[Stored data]
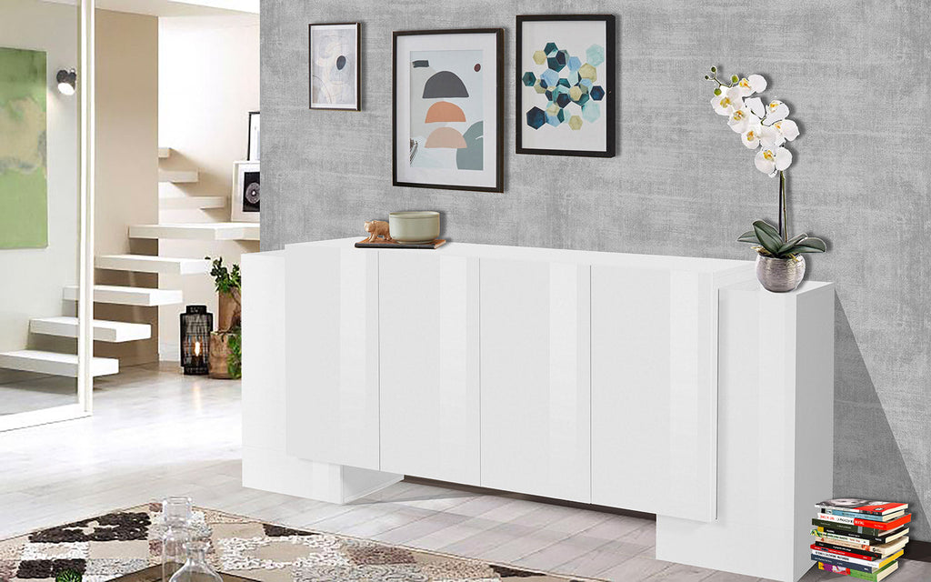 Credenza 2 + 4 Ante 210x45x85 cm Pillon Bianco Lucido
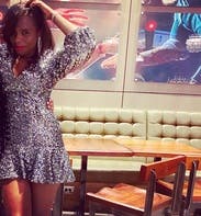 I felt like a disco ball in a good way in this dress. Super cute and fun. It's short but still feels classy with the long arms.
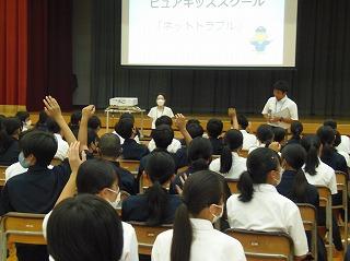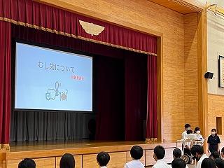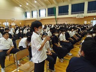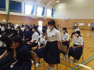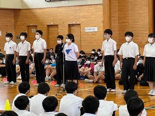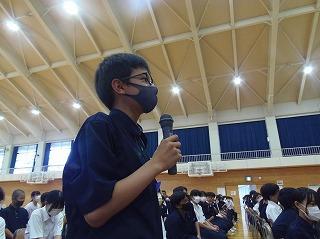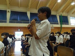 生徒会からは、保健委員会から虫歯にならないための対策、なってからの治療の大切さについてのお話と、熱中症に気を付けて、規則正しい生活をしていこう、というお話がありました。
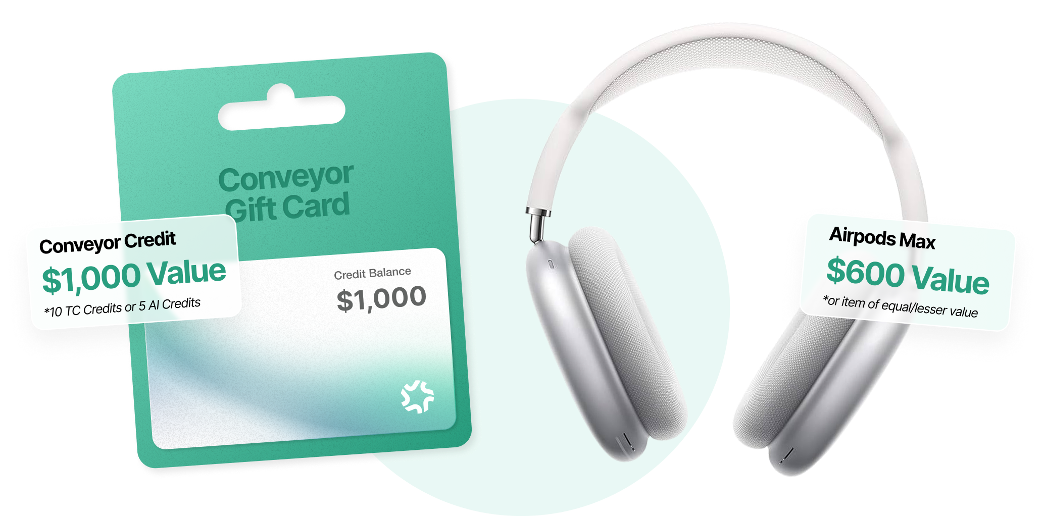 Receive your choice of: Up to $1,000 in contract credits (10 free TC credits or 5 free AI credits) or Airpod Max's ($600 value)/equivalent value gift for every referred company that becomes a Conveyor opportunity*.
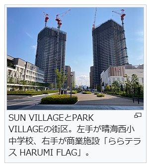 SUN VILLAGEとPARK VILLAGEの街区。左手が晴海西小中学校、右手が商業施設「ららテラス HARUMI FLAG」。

### What to do
Repeat the records word for word and drop any pictures.

### Solution to the problem
 Credenza 2 + 4 Ante 210x45x85 cm Pillon Bianco Lucido
 I felt like a disco ball in a good way in this dress. Super cute and fun. It's short but still feels classy with the long arms.
 生徒会からは、保健委員会から虫歯にならないための対策、なってからの治療の大切さについてのお話と、熱中症に気を付けて、規則正しい生活をしていこう、というお話がありました。
 Receive your choice of: Up to $1,000 in contract credits (10 free TC credits or 5 free AI credits) or Airpod Max's ($600 value)/equivalent value gift for every referred company that becomes a Conveyor opportunity*.
 SUN VILLAGEとPARK VILLAGEの街区。左手が晴海西小中学校、右手が商業施設「ららテラス HARUMI FLAG」。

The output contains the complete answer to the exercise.